All of the data, except its images, should be set down exactly as it appears.

*** Data below ***

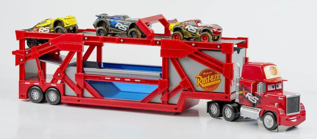 Load them up and haul them out! Mack has a lot to say for himself as he transports Lightning McQueen and five of his friends from Disney and Pixar's Cars films. Mack features character phrases and light-up headlights, plus space for additional vehicles.
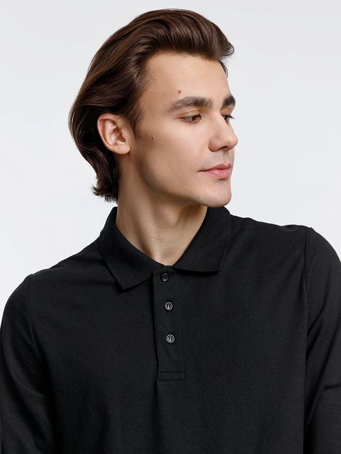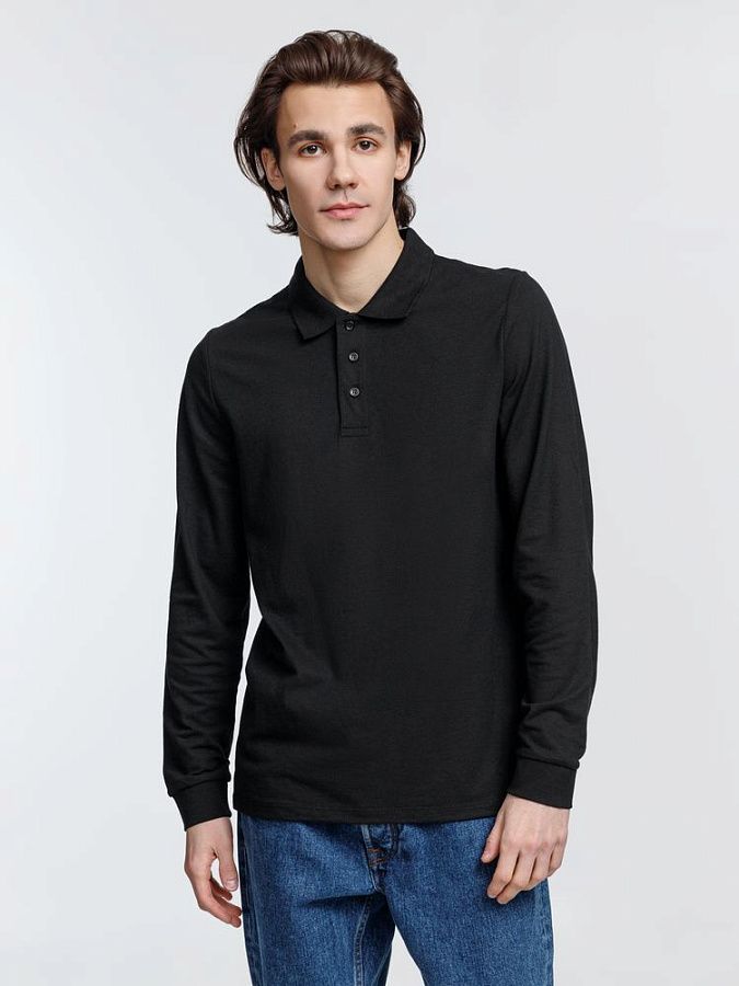 Рубашка поло "Point" мужская с длинным рукавом, цвет: черный, артикул 3310699M
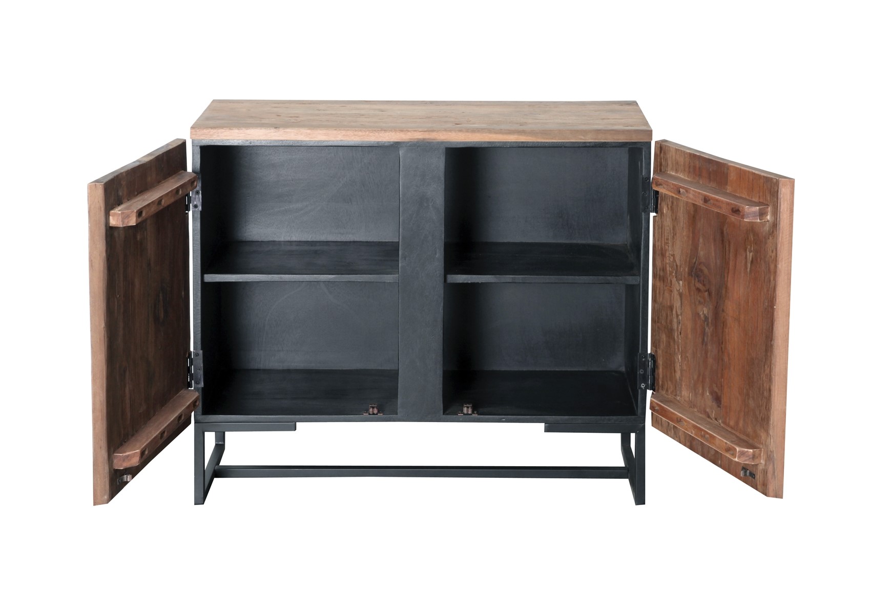 El buffet Lacerta combina madera reciclada de acacia y metal, creando una pieza única que aporta un toque contemporáneo a cualquier espacio. Su diseño en tonos naturales y negros resalta la belleza de los materiales, adaptándose a diversos estilos de decoración.

*** End of Data below ***

Answer for this exercise:
 Load them up and haul them out! Mack has a lot to say for himself as he transports Lightning McQueen and five of his friends from Disney and Pixar's Cars films. Mack features character phrases and light-up headlights, plus space for additional vehicles.
 Рубашка поло "Point" мужская с длинным рукавом, цвет: черный, артикул 3310699M
 El buffet Lacerta combina madera reciclada de acacia y metal, creando una pieza única que aporta un toque contemporáneo a cualquier espacio. Su diseño en tonos naturales y negros resalta la belleza de los materiales, adaptándose a diversos estilos de decoración.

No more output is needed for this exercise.